▸ **Problem requirements**: Beginning at the top of the entries below, retype each line exactly until the line containing "Determination of the" has been written out; include no pictures and no later lines.

Data items:
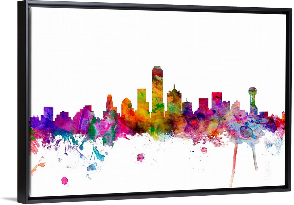 <p>Watercolor artwork of the Dallas skyline against a white background.</p>
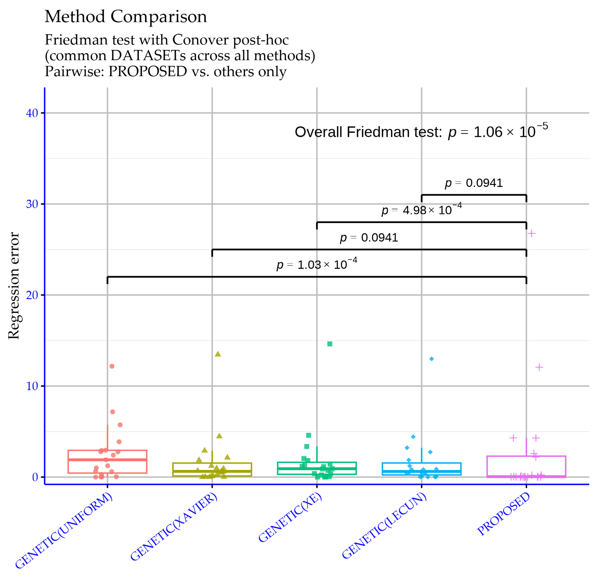 , which strongly rejects the hypothesis that all methods behave equivalently across the regression datasets. Therefore, at the suite level, the genetic initialization choices and the proposed approach lead to performance differences that are unlikely to be explained by random variation.
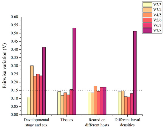 Determination of the optimal number of reference genes according to geNorm. The pairwise variation values below 0.15 indicated that no additional reference gene was needed for the normalization.
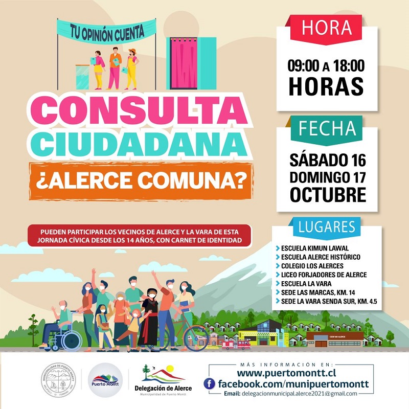 En una consulta abierta a ciudadanos a partir de los 14 años se recogerá la opinión de los habitantes acerca de transformar la localidad de Alerce en comuna. Las votaciones se realizarán entre las 9 y 18 hrs. en 44 mesas desplegadas en establecimientos educacionales y en sedes de organizaciones sociales de Alerce . Se requerirá el carnet de identidad a quiénes participen.
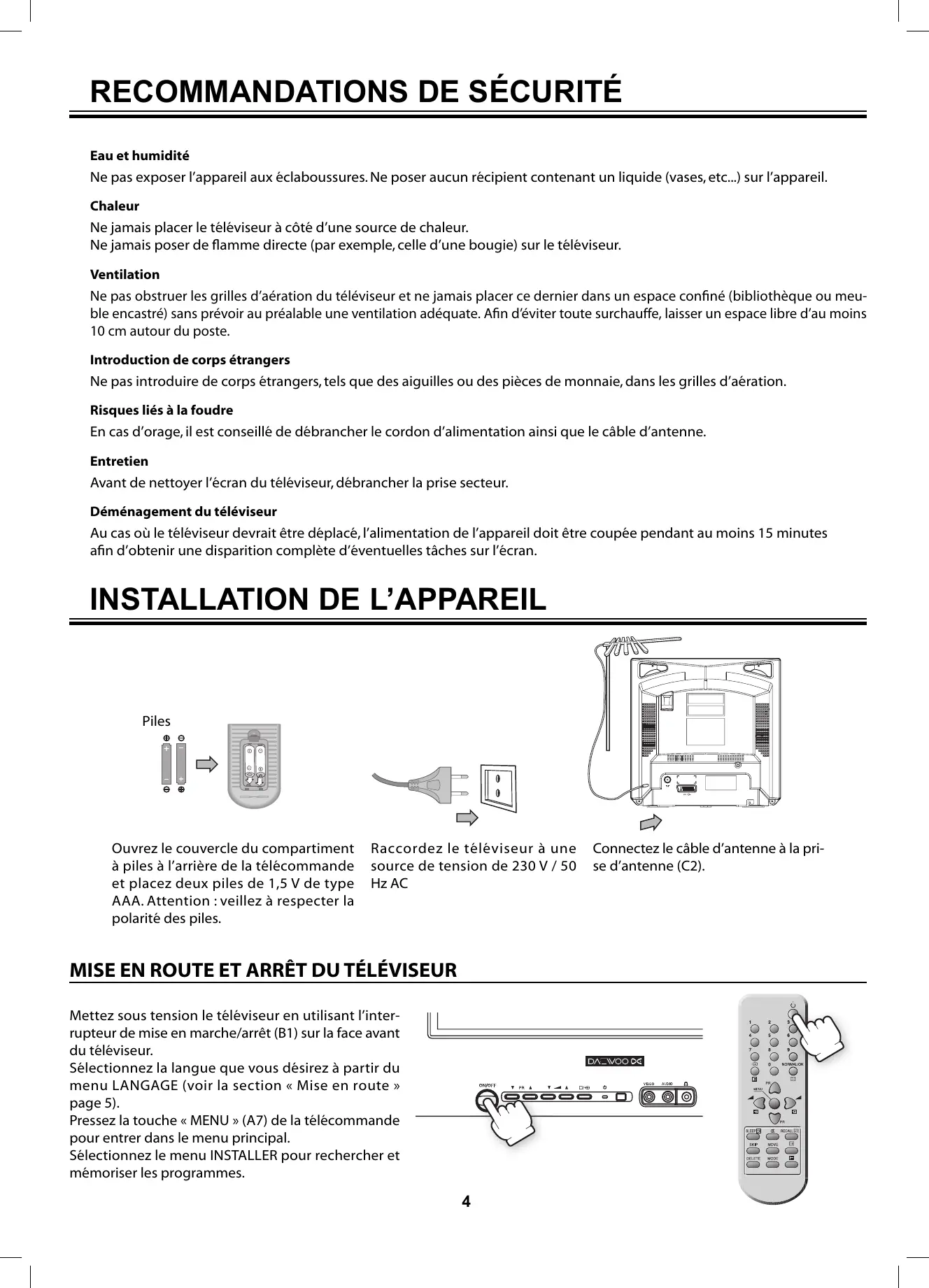 Piles Ouvrez le couvercle du compartiment à piles à l’arrière de la télécommande et placez deux piles de 1,5 V de type AAA. Attention : veillez à respecter la polarité des piles. Raccordez le téléviseur à une source de tension de 230 V / 50 Hz AC MISE EN ROUTE ET ARRÊT DU TÉLÉVISEUR Mettez sous tension le téléviseur en utilisant l’interrupteur de mise en marche/arrêt (B1) sur la face avant du téléviseur. Sélectionnez la langue que vous désirez à partir du menu LANGAGE (voir la section « Mise en route » page 5). Pressez la touche « MENU » (A7) de la télécommande pour entrer dans le menu principal. Sélectionnez le menu INSTALLER pour rechercher et mémoriser les programmes.
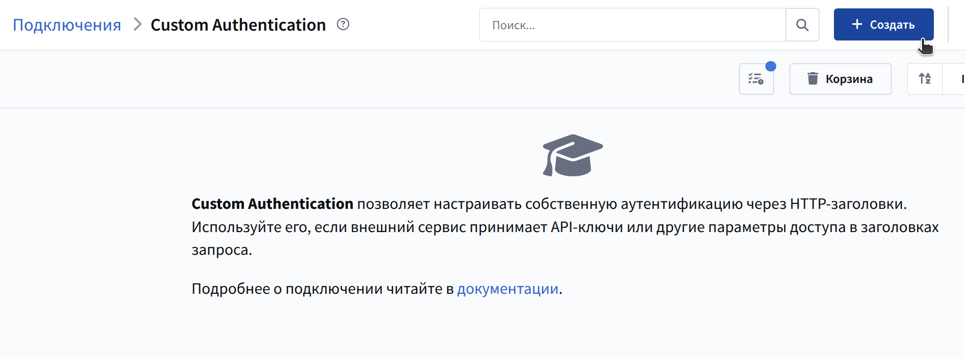 Откроется список всех настроенных Custom-подключений. Чтобы добавить новое, нажмите + Создать.

▸ **Answer to this exercise**:
 <p>Watercolor artwork of the Dallas skyline against a white background.</p>
 , which strongly rejects the hypothesis that all methods behave equivalently across the regression datasets. Therefore, at the suite level, the genetic initialization choices and the proposed approach lead to performance differences that are unlikely to be explained by random variation.
 Determination of the optimal number of reference genes according to geNorm. The pairwise variation values below 0.15 indicated that no additional reference gene was needed for the normalization.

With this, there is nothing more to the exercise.